This is the best plan of action. In essence, it would seem that this is exactly what SHE'S done up to this point. You're feeling the effects of her finding herself. 

I'll tell you something. My husbands independance of me is extremely attractive. It encourages me to chase, be curious of what he's up to, what he's thinking. I can say he most likely feels that way about me. We're not so predictable to one another. Too much of that is boring. It's like we're dating, but we're married. It sounds crazy but it works very well for us.


----------



## COguy

A Bit Much said:


> Being FREE to me doesn't include hooking up with anyone else. I'm over it. I've shared my life with a man my entire adult life. I don't need that to be fulfilled. To be in a position to only think of myself? Bliss. Selfish? Sure. Wrong? I don't think so. Not when I know what I've given to my family.
> 
> I can't speak for her, but maybe she's feeling the same. The OP has checked and has found nothing, no proof of infidelity. Until he does? I will agree to disagree that another man or the pursuit of is what his wife wants.

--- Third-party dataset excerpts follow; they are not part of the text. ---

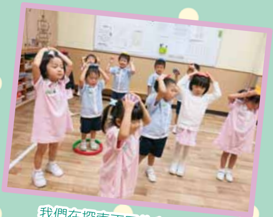
我們在探索不同的身體部位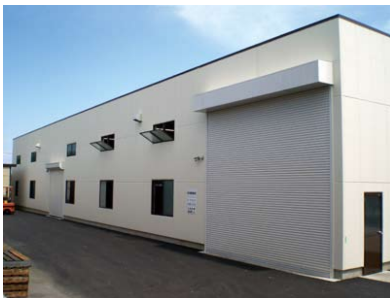
左：広々とした新工場内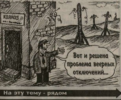
На эту тему - рядом

I get what you're saying, the difference is, you wouldn't give the ILYBNILWY speech. Even someone wanting the freedom you're talking about without being interested wouldn't say that. They'd say something like, "I'm tired of being stuck here, I want to go live in the city." or "I want to be an actor in Hollywood and I'm going to go do that."

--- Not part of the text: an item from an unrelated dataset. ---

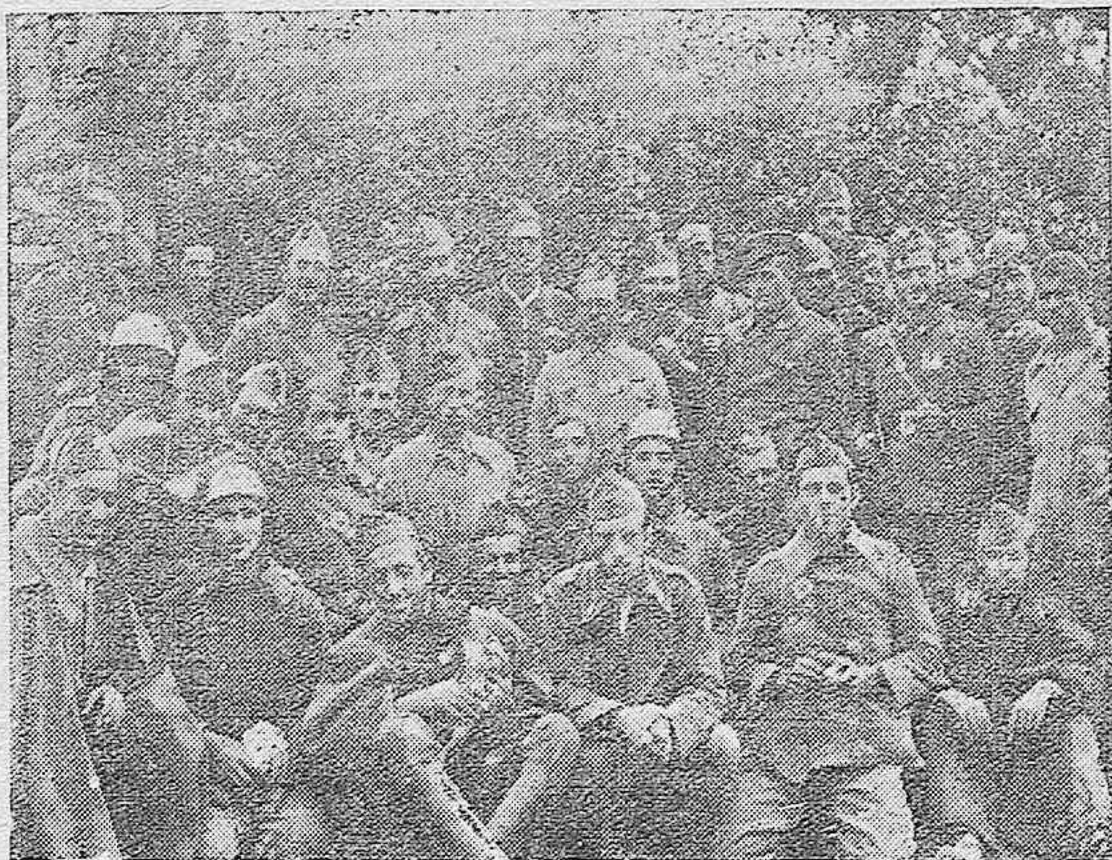
Grupo de artilleros en uno de los frentes de Córdoba

ILYBNILWY is a specific reaction that is not about actions or activities, it is a specific state of mind that says, "I am interested in an activity that is not compatible with being married and my current perception of what being married entails. I must break this commitment to find myself acceptable."

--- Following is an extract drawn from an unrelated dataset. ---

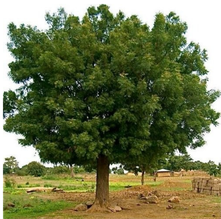
Slika 6. Drvo indijskog jorgovana (neem-a)

neema je azadiraktin, složena kemikalija sačinjena od preko 25 različitih, ali usko povezanih spojeva koji djeluje kao repelentno sredstvo jer odbijaju kukce od ishrane, a djeluje i kao regulator rasta (Gahukar, 1995). Svojstva azadiraktina koja djeluju kao regulatori rasta utječu na hormon edikson, odnosno snižavaju njegovu razinu u tijelu kukca što onemogućava završetak razvoja kukca. Posebno je djelotvoran na ličinačke stadije jer nezrele ličinke uslijed niske razine hormona ediksona ne mogu završiti razvoj i ugibaju. Smrtnost odraslih uzrokovana djelovanjem azadiraktina je niska, no češće su deformacije u vidu nerazvijenih krila i slično. Osim toga, azadiraktin ometa spolnu komunikaciju i parenje. Spoj azadiraktin je djelotvoran na oko 200 vrsta kukaca, grinja i nematoda. Upotrebljava se za zaštitu biljaka u vegetaciji i suzbija populacije cvjetnog štitastog moljca, tripsa, gusjenica leptira te brojnih drugih štetnih kukaca. Aktivna tvar azadiraktin razgrađuje se u vodi ili na svjetlu oko 100 sati. Dosta je nepokretan u tlu (Gahukar, 1995). Niti jedno sredstvo na bazi djelatne tvari azadiraktina nema dozvolu za suzbijanje štetnika u Hrvatskoj u 2021. godini (FIS, 2021).

Unacceptable activities are pretty much limited to boning other people, or intimate moments with other people.

Name an other activity that could not be pursued while married, if you honestly cared more about the activity than your spouse? Running away? New career? School? Being a stripper? Wanting to travel around the world?

All of that stuff can be done while married and your husband sits at home. It only becomes a problem when you want to do that stuff romantically with someone besides your spouse.


----------



## A Bit Much

I think the ILYBNILWY speech is the equivalent to the 'It's not you it's me'. Think Seinfeld.

Just tell the fricken truth. That's not it. And it cheapens the entire relationship and what previously has been invested.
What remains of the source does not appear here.